12 朔の願い
「話してる最中、邪魔して悪いんだけども、もう到着する」
前からナリが俺に声をかけた。
公園の駐車場に到着し、全員で車を降りた。
ナリが公園の入り口を指して、歩こうと言い、進み始めた。
ニット帽を被った古川さんが光の手を引いて、進み、俺はその後ろから付いていった。
公園の入り口には地図があり、公園全体が示していた。
公園は木々が生えて、緑いっぱいの中、右側に大きな湖があり、その湖から左側に向かって川がぐるりと存在しており、内側は大きな多目的スペースと子供用の公園が点在し、そして公園全体にある遊歩道で各場所を繋いでいるようだ。
「ナリ、連れてきてくれ、ありがとう」
光はナリにお礼を言った。
「いいけど、海斗と皆で一緒に話してもよくね?」
ナリの言葉に古川さんも頷く。
光は手を繋いでいる古川さんの手を両手で握って言う。
「佳奈、…あの場所に行くけど、いい?今日、だいぶ、無理してるよね?」
古川さんは黙ったまま、何も言わなかった。
そのまま光は手を掴んだまま、ナリの近くに行き、言った。
「ナリ、佳奈をお願いしていいかな?」
光の繋いでいた手をナリに渡した。
古川さんは光の方をみて答えた。
「…無理はしてない。私が要望したことだし、海斗、に理解してもらうために必要なことだから。でも一緒にいたら何をするか…自信はない」
ナリは佳奈に言う。
「佳奈がそういうなら、いいけど。佳奈は何で今日、来たんだよ?」
「…何でも、いいでしょ?てか、私一人お留守番とか、ちょっと…」
佳奈はふいっと反対に向いた。
「今日はナリは私の言うことを聞くこと。ほら、あっちいこ。反対側」
そういってナリの手を引いて左側に入っていく遊歩道を歩き始めた。
光は俺のほうを向いて言った。
「私達も湖に向かって歩きませんか?」
どうもここは古川さん因縁の場所…。
俺は地図にある公園の名前を見て、ハッとした。
ここは俺が何でも屋に依頼して、古川さんを誘拐しようとした場所なんだ。
あの時、間違って古川さんに似た人間を誘拐したんだ。後で違う人であることがわかって、その人間を開放したけど、本人はそのまま行方不明になった場所。
俺に向かって光は言う。
「気が付きました?そう、ここは佳奈にとって忘れられない場所」
俺は少し焦った。
なぜここに連れてきたんだろう。
俺に思い出させようと、謝罪でも求めようとしているんだろうか?
「海斗さんを責めたいわけじゃない。
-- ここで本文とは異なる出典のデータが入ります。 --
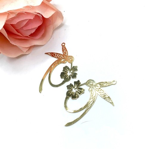 1 Pendentif Estampe Grand Colibri Hibiscus Graphique Doré, 31*29 mm

ただ佳奈はUSBじゃなくて、体験したことを知ってほしいと願っているんです」
光は俺の顔を見て、言った。
昨日も古川さんは『UBS一つでわかるわけがない』と言っていたことを思い出した。
そしてその体験というものがどういうことなのか、理解できなかったが、俺は「そう、か」と頷いた。
「歩きますか?」
光に声をかけられて、俺と光は横に並んで右側の遊歩道を歩き出した。
「海斗さん、前に感じていることを伝えてほしい、悲しみを分けてほしいって言ってましたよね?」
それは…ナリと佳奈がいなくなり、それで倒れているのに、俺に弱音一つ言わない光に俺が言った言葉だったと思う。
俺は頷いて、「あぁ」と言った。
光は少し微笑んで、
「まだ、有効ですか?」
俺は「あぁ、もちろん…」と言った。
俺にできることであれば、そう心の底から思った。
光は「よかった」と言った。
その後、光はそのまま黙ったまま、歩いた。
俺はどうしたんだろうと思いながらも、そのまま、道を歩き続けた。
遊歩道の周りには木々が埋められており、紅葉の黄色や赤の葉が落ちて散乱していた。
光は途中で道を外れ、それらの木々に向かっていった。
その中のひときわ大きな木の幹を触り、俺に聞いた。
「ネズミ、ヒツジ…クローンで有名な動物いますけど、植物もクローンがあるって知ってます?」
知らなかった。
俺は「いや…」と言った。
光は木を見ながら話し出した。
「日本で桜といえば、ソメイヨシノだと思うんですけど、あれは実はクローンなんです」
俺は光の話を頷いて聞いていた。
「どうやら元を辿ると1本の木に辿り着くらしいです。その1本を元に各地に埋められた桜」と光は言った。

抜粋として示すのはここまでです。